● **Supplied material**:

—————

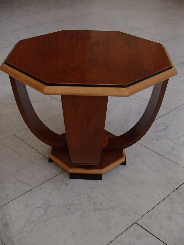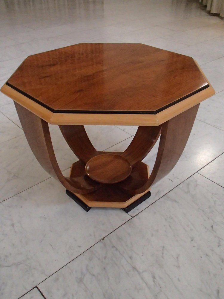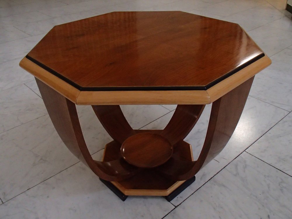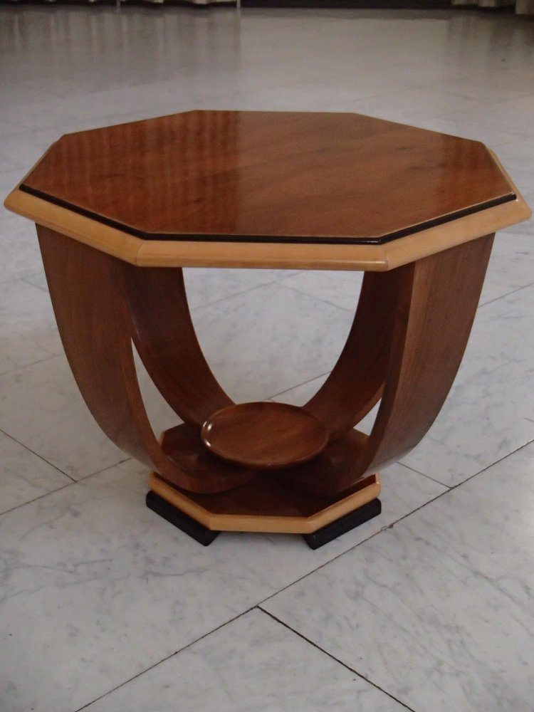 Art Deco Walnuss Couchtisch auf 4 gebogenen Beinen, 1935
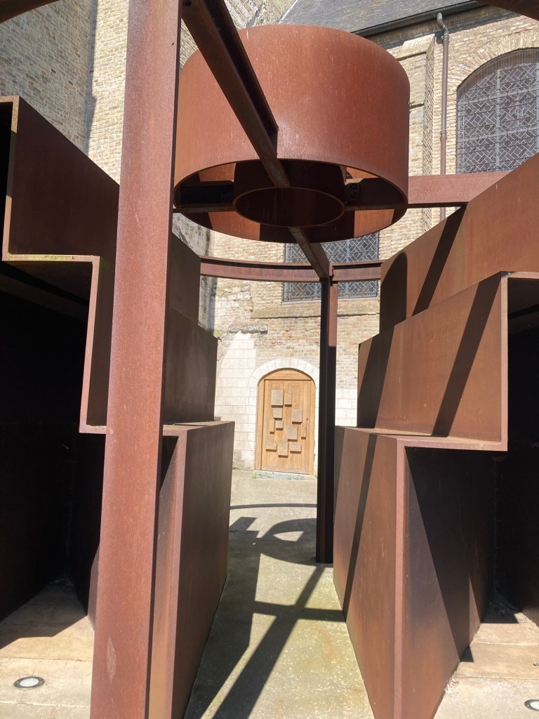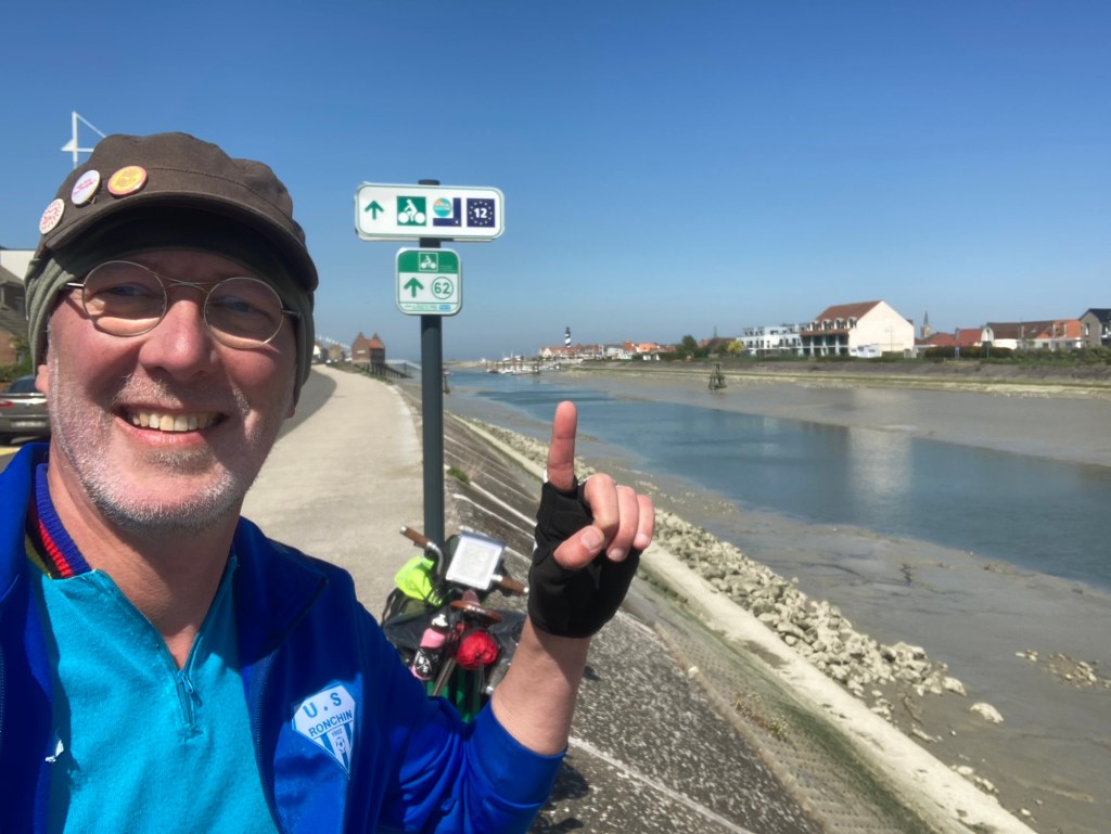 Filer le long du canal. Essor agricole. Passer de droite à gauche du canal. Un silo marqué « la Flandre ». Des pêcheurs mais pas de pêcheuses. Les forteresses Vauban alternent avec les blockhaus du mur de Atlantique. Un blockhaus taillé comme un crayon de 20 m planté de guingois dans la forêt. Des chevaux aux air de Spirit, dans des pâtures entre terre et mer. Des moutons qui semblent avoir déjà trop chaud. Le vent, mon ami. Avant de voir la mer, l’odeur de la marée à l’entrée de l’estran de Grand Fort. L’océan, au bout du canal. Le vent mon ennemi. Le phare aux volutes noires et blanches de Grand Fort. Premiers moutons sur la grande bleue, puis des houles de colza où on pourrait se noyer. À travers les champs de jeunes pousses de blé, des houles et des houles de gris vert au gré du vent. À Mark un Spitfire s’envole vers la Lune dans un grand ciel bleu. Des Bourgeois et un dragon calaisis (Khaleesi?). Au magasin, le vélociste serviable regarde mon petit vélo d’un air entendu mi-sceptique, mi-admiratif. Son collègue, très perplexe, dis simplement… « Et en pédale plates ! ».
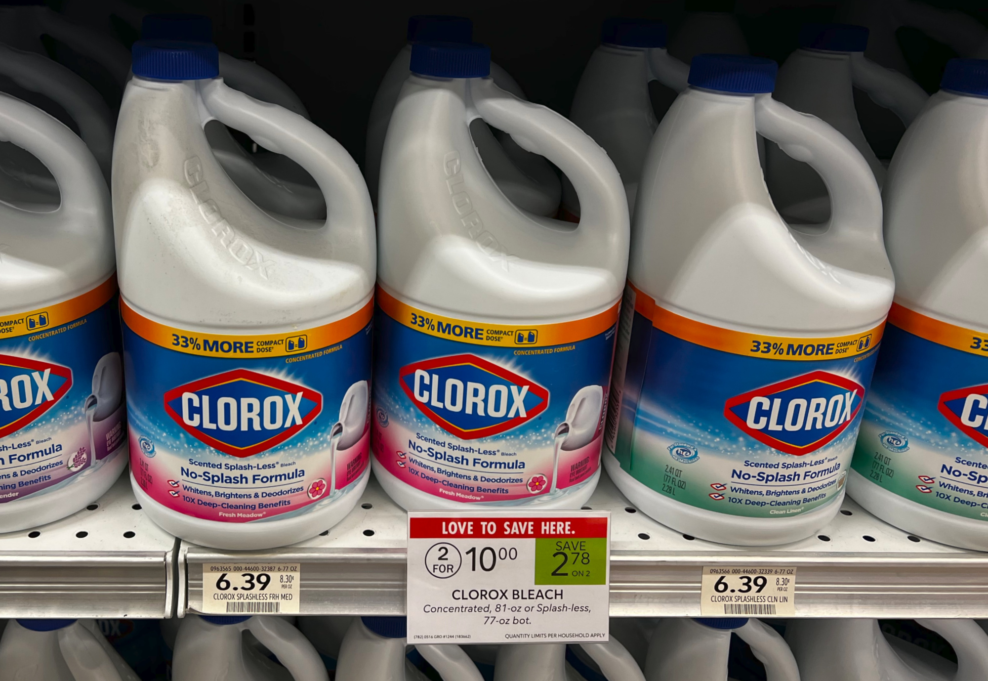 Clorox Bleach, Regular Concentrated, 81 oz, or Splash-less, 77 oz, 2/$10 (reg $6.39)

—————

● **To do**: Retype the lines above exactly, no pictures.

● **Response for this exercise**:
 Art Deco Walnuss Couchtisch auf 4 gebogenen Beinen, 1935
 Filer le long du canal. Essor agricole. Passer de droite à gauche du canal. Un silo marqué « la Flandre ». Des pêcheurs mais pas de pêcheuses. Les forteresses Vauban alternent avec les blockhaus du mur de Atlantique. Un blockhaus taillé comme un crayon de 20 m planté de guingois dans la forêt. Des chevaux aux air de Spirit, dans des pâtures entre terre et mer. Des moutons qui semblent avoir déjà trop chaud. Le vent, mon ami. Avant de voir la mer, l’odeur de la marée à l’entrée de l’estran de Grand Fort. L’océan, au bout du canal. Le vent mon ennemi. Le phare aux volutes noires et blanches de Grand Fort. Premiers moutons sur la grande bleue, puis des houles de colza où on pourrait se noyer. À travers les champs de jeunes pousses de blé, des houles et des houles de gris vert au gré du vent. À Mark un Spitfire s’envole vers la Lune dans un grand ciel bleu. Des Bourgeois et un dragon calaisis (Khaleesi?). Au magasin, le vélociste serviable regarde mon petit vélo d’un air entendu mi-sceptique, mi-admiratif. Son collègue, très perplexe, dis simplement… « Et en pédale plates ! ».
 Clorox Bleach, Regular Concentrated, 81 oz, or Splash-less, 77 oz, 2/$10 (reg $6.39)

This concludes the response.